Тараканов участливо вздыхает:
— Ворота могут вымазать.
— Дольше не сгниют!..
— По злобе поджечь могут…
— Страховку получу!
— Какой-нибудь шарлатан темной ночью в переулке камнем, пожалуй, стукнет.
— Заодно отвечать будет!
— О-хо-хо! О-хо-хо! — сокрушенно вздыхает Игнатий. — Суды-то я эти знаю: любит иной судья того, кто больше даст, закон такие судьи умеют толковать сзаду наперед, и всегда выходит, что виноват не давший, а доказавший…
— Если найдется такой судья, — его будем судить.
— Есть поговорочка: с корыстным судьей судиться — все равно что в крапиву садиться.
— И крапиву можно кипятком ошпарить.
— Вон вы какая храбрая! — язвительно замечает бывший судебный секретарь. — Это что же, для вас все власти подсудны?
— Перед народом всяк ответчик.
Игнатий молчаливо поджимает губы. Потом, припав к самому Анкиному лицу, говорит убедительнейшим голосом:
— Анна Прокопьевна, добром поделаться пришли. В другой раз не пойдем, вам придется с поклоном идти…
— А раньше-то приходила?
Тараканов закрывает книжечку.
— Дальше продолжай! — сердито распорядился Филипп. — Наизусть говори.
Тараканов умильно заворковал:
— Боевая вы девица, а теперь, простите, женщина, Анна Прокопьевна! Любите вы на людях быть, общественная у вас душа-с. Конечно, в Совете вам честь и место. И правильно-с. Правильно!.. Инструкция о перевыборах это черным по белому гласит. О-хо-хо! Только не придется вам… Жалко, очень жалко-с, а не придется… Все дело в обществе: будут поднимать руки — пройдете, не поднимут — не пройдете… А общество у нас с предрассудками. Кого, спросят, голосуют? Анну Прокопьевну Воеводину? Не надо! Слава про нее худая ходит… Осмеют, оплюют и в Совет не пустят! А потом, рассудите сами, что есть из себя общество? Половина — в должниках у Филиппа Парфеныча состоят. У другой половины Филипп Парфеныч в большом уважении.
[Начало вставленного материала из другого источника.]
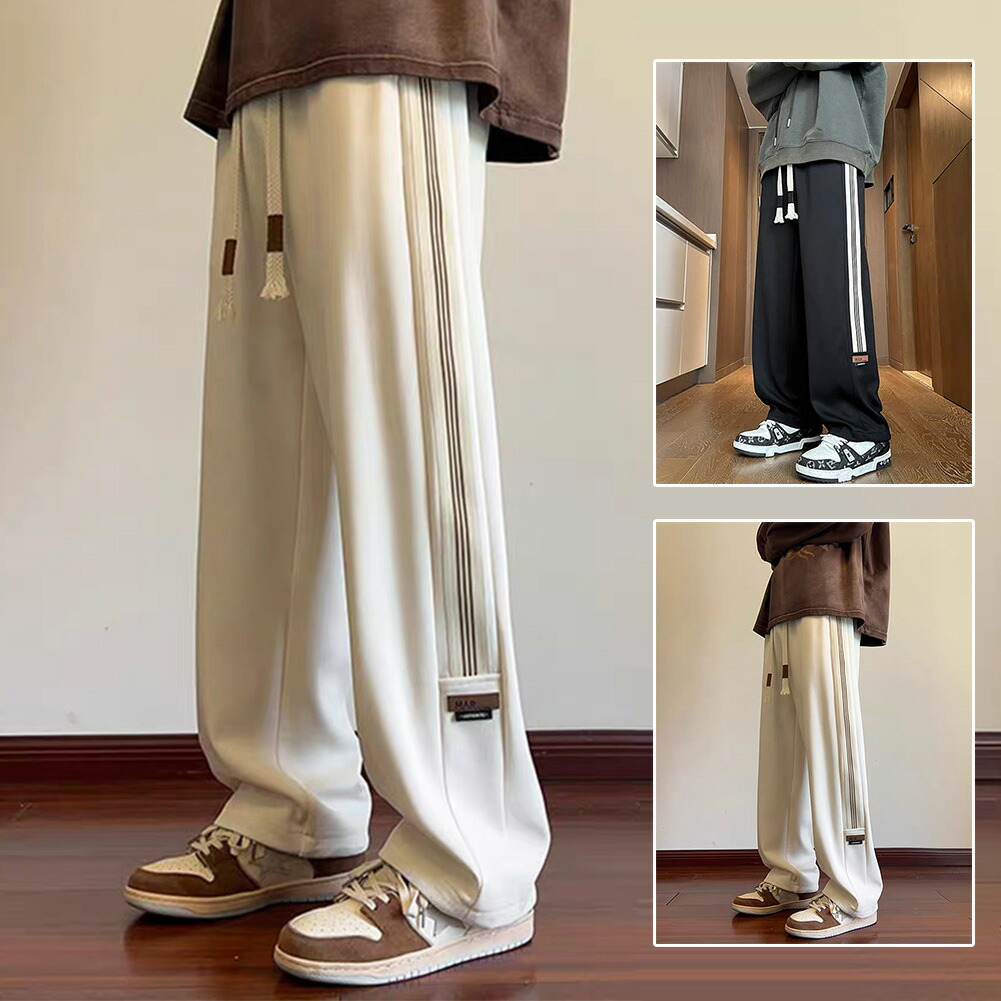55%OFF ワイドパンツ ジョガーパンツ メンズ スウェットパンツ ストライプ ストリート ストレートレッグ 部屋着 ルームウェア ワイドレッグ ユニセックス 薄手ワイドフィット ル スポーツパンツ

Мигнет Филипп Парфеныч — и поднимутся на сходе вой и свист: не надо, скажут, гулящую, хороших хватит!
Выслушав все это, Анка помолчала, о чем-то раздумывая. Потом так же молча оделась, накинула шаль и вышла, громко хлопнув дверью.
— Вернется, — успокаивает Филиппа Тараканов. — П-подумать вышла. Обдует ее ветерком, пройдет с ней гордость, и бог ее на хорошую мысль наставит…
Сидят и ждут они долго. Игнатий начинает беспокоиться. Ходит по комнате, дышит на окно и сквозь проталину смотрит на улицу. Наконец он дрожащими руками начинает застегивать портфель.
— Дело принимает гнилой оборот. Как бы она нас с понятыми здесь не прищучила. Это программой нашей не предусмотрено. Надо багаж связывать…
На обратном пути Филипп
— Меры надо принять, — вертится около него секретарь. — Очень срочные меры. Как на пожар надо спешить…
— К-как-нибудь д-днями, — заикается Филипп, — созови ко мне народ, и — потолкуем.
ГЛАВА ВОСЬМАЯ
Святки… Шумные ералашные вечера; белые морозные ночи. Парни артелями ходят по селу, вырядившись кто козлом, кто бараном, а кто просто шубу вверх шерстью вывернул и нос сажей густо намазал. По улицам под ногами — звонкий скрип, хруст; свист, песни и резкое хлопанье кнутом по жесткой снежной дороге. На морозе визгливо заливается гармошка. Испуганно крестится и шарахается в сторону запоздалая старуха. Проезжий нахлестывает лошаденку, торопится проехать чужое гуляющее село. Иные парни схватят под уздцы лошадь, ссадят хозяина и с гиканьем и свистом начнут гонять лошадь по селу, пока она не задымится горячим паром и не покроется пеной. От дворов под гору к Волге с грохотом летят, потехи ради брошенные, пустые бочки. В колодцах доживают последние горькие минуты встретившиеся парням на дороге кошки и собаки. Особенно отличается такими выходками разгульный Яшка Силаев со своими дружками. Винная лавка днем и ночью хлопает дверями. А на задах, за селом, от черных бань курится хлебный самогонный дух.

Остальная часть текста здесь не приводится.